Administration of propranolol during the acute hospitalization period diminishes blood loss during skin grafting procedures and markedly improves wound healing in severely burned adults. As burn patients require serial surgical interventions for motor and cosmetic repair, restricting blood loss during operative intervention is optimal.

Introduction

A severe burn injury is characterized by a profound increase in metabolism, far beyond that produced by other forms of trauma.

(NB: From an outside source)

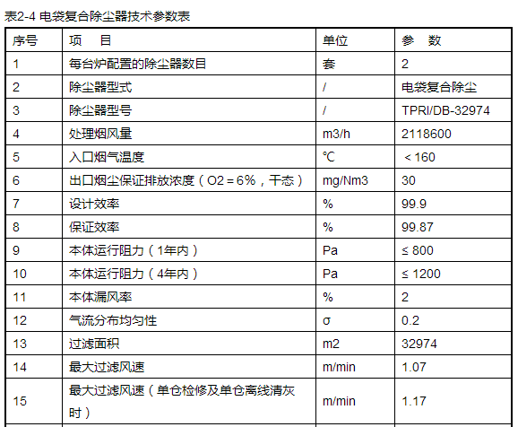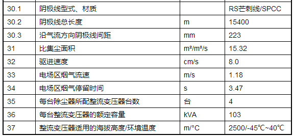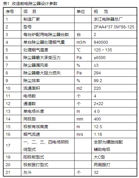 改造前(qián),本工程配套兩台浙江電除塵器總廠(即現在菲(fēi)達環保)生產的2FAA4*37.5M*88-125型雙室四電場臥式除塵器(qì),電除(chú)塵控製部(bù)份采用福建龍岩空氣淨化(huà)設備廠生產的GGAF02-1.0/72H型產品,設計除塵效率≥99.2%,極板型式為大C型板,極線型式為(wéi)全部為螺旋線(xiàn)配輔助電極,出(chū)口設槽極板,振打方式全部采用(yòng)側部饒臂錘振打。其一、二、三、四電場高壓供電和控製裝置是GGAJ02-1.0/72CG型的整(zhěng)流變壓器。本工程改造前(qián)電(diàn)除塵器設計參數(shù)見表(biǎo)1。

Hypermetabolism is mediated by a surge in stress hormones including catecholamines [1,2] and glucocorticoids and may persist long after the initial burn insult [3,4]. Cardiac stress following burn injury is characterized by increased cardiac work, cardiac output, resting heart rate, rate pressure product, and stroke volume. If left untreated, these perturbations in cardiac physiology contribute greatly toward postburn morbidity and mortality.

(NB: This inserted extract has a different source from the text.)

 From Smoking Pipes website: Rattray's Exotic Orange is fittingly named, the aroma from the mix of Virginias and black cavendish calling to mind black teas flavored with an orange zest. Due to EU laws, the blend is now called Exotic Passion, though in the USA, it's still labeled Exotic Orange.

Hyperdynamic changes to the cardiovascular system are frequently associated with copious amounts of operative blood loss. Paired with inadequate resuscitative efforts and shifts in fluid compartments, these changes cause many patients with burn injury to become hemodynamically unstable. Additionally, as patients with burn injury undergo serial skin grafting procedures, limiting hemorrhage during these operations becomes paramount to early recovery.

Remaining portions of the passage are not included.